David asked if the spirit would rap for the alphabet, and two knocks were heard for yes. Painstakingly and patiently, David spelled out the alphabet, waiting for a rap to confirm each letter, until the following message was revealed: We are all your dear friends and relatives.
This caused another commotion, resulting in David taking his wife to her brother’s house, where she could rest in peace, away from the rapping. Before he left, he argued with Mother about the new noises.
“Your sister has the gift,” I heard Mother tell him.
“Now, Mother, don’t talk superstitious nonsense,” David hushed her.
“Superstitious nonsense!” my mother sputtered indignantly. “Did you not just recite the alphabet for a ghost? My grandmother had the second sight—”
“Yes, so you’ve told us,” David interjected. “I’ve heard the stories.”
“Stories! Is that what you think? But surely you remember your aunt Elizabeth!”
“Certainly I remember her—vaguely—but whether or not she actually prophesied her own death…”
Mother gasped. “Do you think I don’t know whether or not my own sister had the sight?”

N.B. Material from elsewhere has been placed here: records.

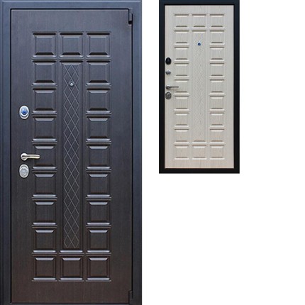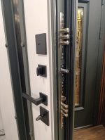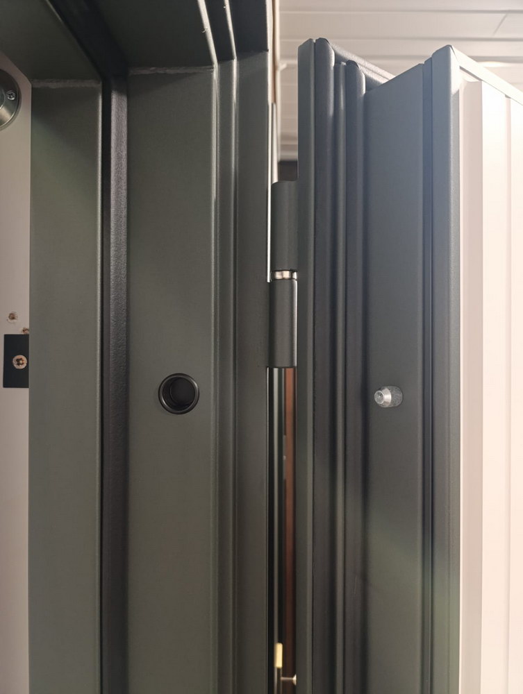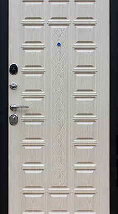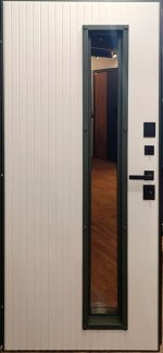 Дополнительно: Евроцилиндр К-В перфокарта. Броненакладка врезная. Штырь противосъемный (3 шт). Порог из нержавеющей стали (цвет «хром»).
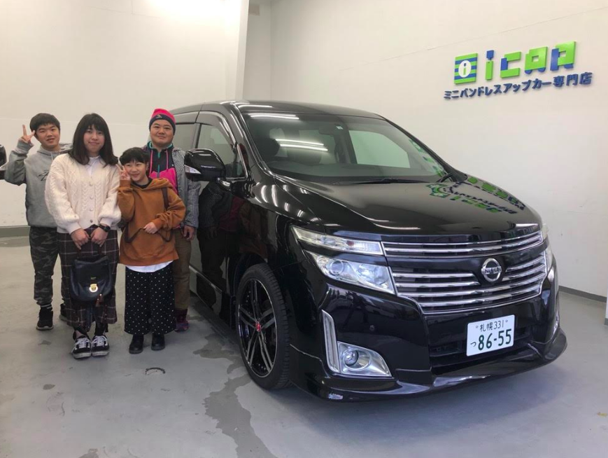恵庭市 N様 ニッサン エルグランド ハイウェイスター 順調に進み ご納車完了です! この度は数ある中古車販売店の中から当店を選んでいただき誠にありがとうございました。 エルグランドの豪華な内装に一目惚れしてご決断いただいたN様。 これからはエルグランドでご家族の楽しい思い出をたくさん作って下さいね。 車検などこれからのお付き合いもどうぞ宜しくお願いいたします。 N様 この度はありがとうございました!
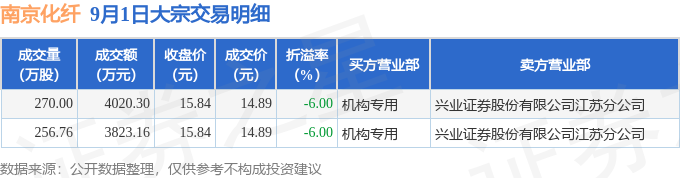 证券之星消息,9月1日南京化纤发生大宗交易,交易数据如下:
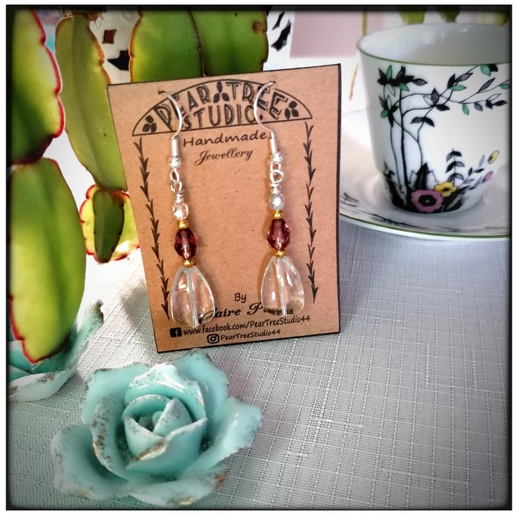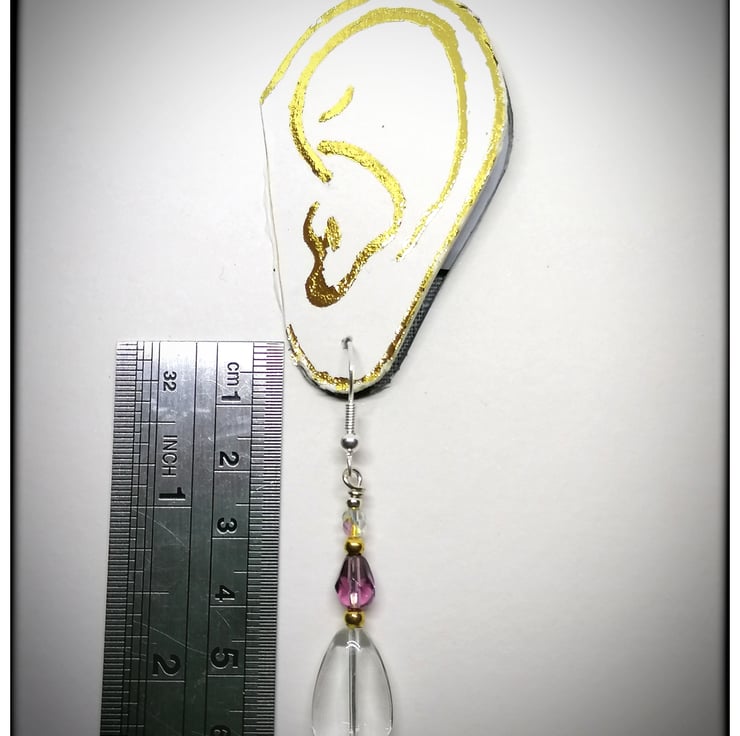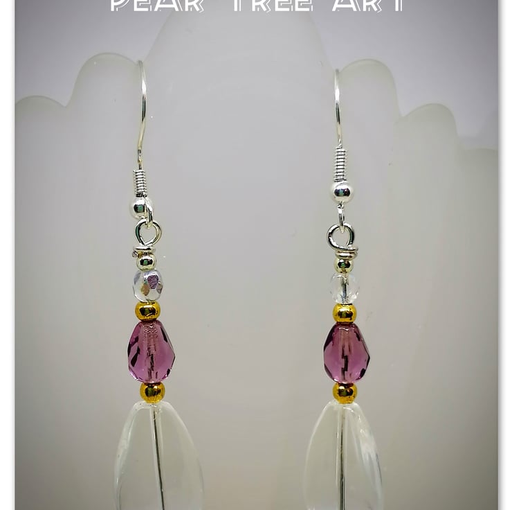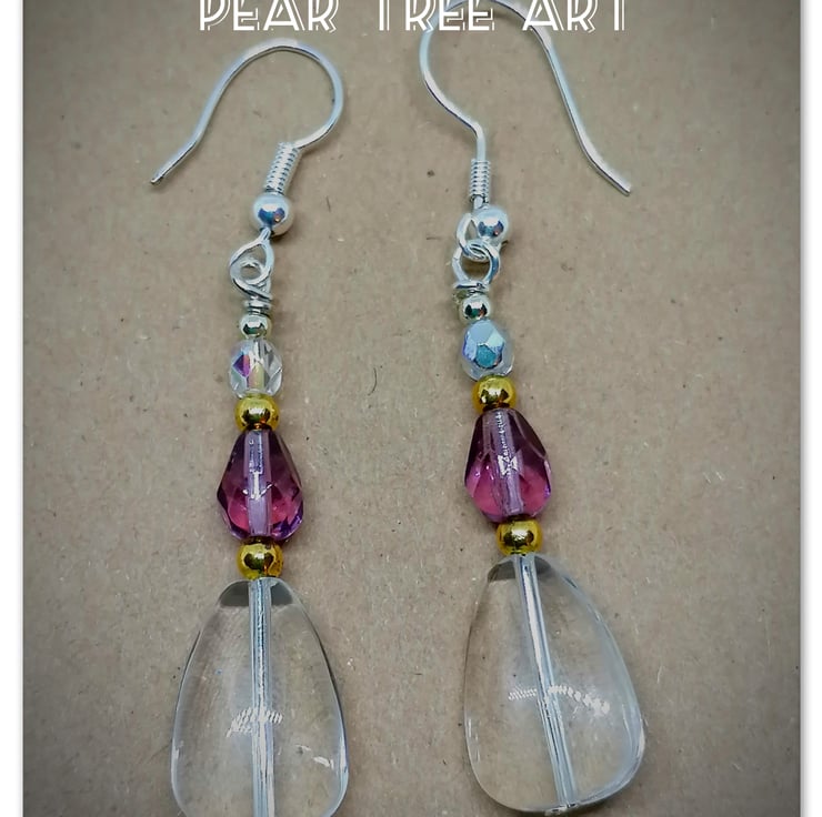 Glass drop earrings with purple crystal beads on Silver plated hooks.

“Perhaps, but I am just as sure that my sister does not!” David stared her down stubbornly.
“Then how
do you explain all that has happened here this month—and today, here at this house?”
“I don’t know, Mother. But there must be an explanation, an explanation that is based on science we don’t yet understand. Perhaps in twenty years we will laugh at how ignorant we were today. Perhaps spirit communication will be as commonplace as the post. Think how we marveled at the telegraph only a couple of years ago!” Mother continued to glare at David, with her hands on her hips. He dropped his voice, and I had to strain to hear him continue. “This is not what I want for Kate, or Maggie. Do not give them this reputation. I want to see them married into good families and happy. You must not jeopardize that!”
I was touched by his protectiveness. David, fourteen years older than I and nearly seventeen years older than Kate, was almost a father to us. As for my real father, he packed his own lunch and walked out to the new house that day, turning his back on the rapping for the last time. The new house was partially under roof, and Father moved in immediately, preferring the frigid April wind to living in a house with spirits. Mother never commented on his desertion, and although the house would be finished within a month’s time, neither she nor Kate or I ever lived in it as anything more than a guest.
It would be wrong to say that we did not think about him or miss him. But Father’s absence did not trouble us greatly.
In spite of David’s protests, it did not take long for people to find out that the rapping had followed us to the farm and was heard only in the presence of the two youngest Fox daughters. Mrs. Redfield was soon included in my mother’s confidence—and then Mrs. Jewell and Mrs. Duesler. Every evening Mother lit a candle in David’s parlor, drew the curtains and closed the door, and then the ladies waited eagerly for rappings from the spirit world. Kate and I sat together on the settee, holding hands, smiling indulgently as the spirits rapped yes and no to questions about their heavenly reward.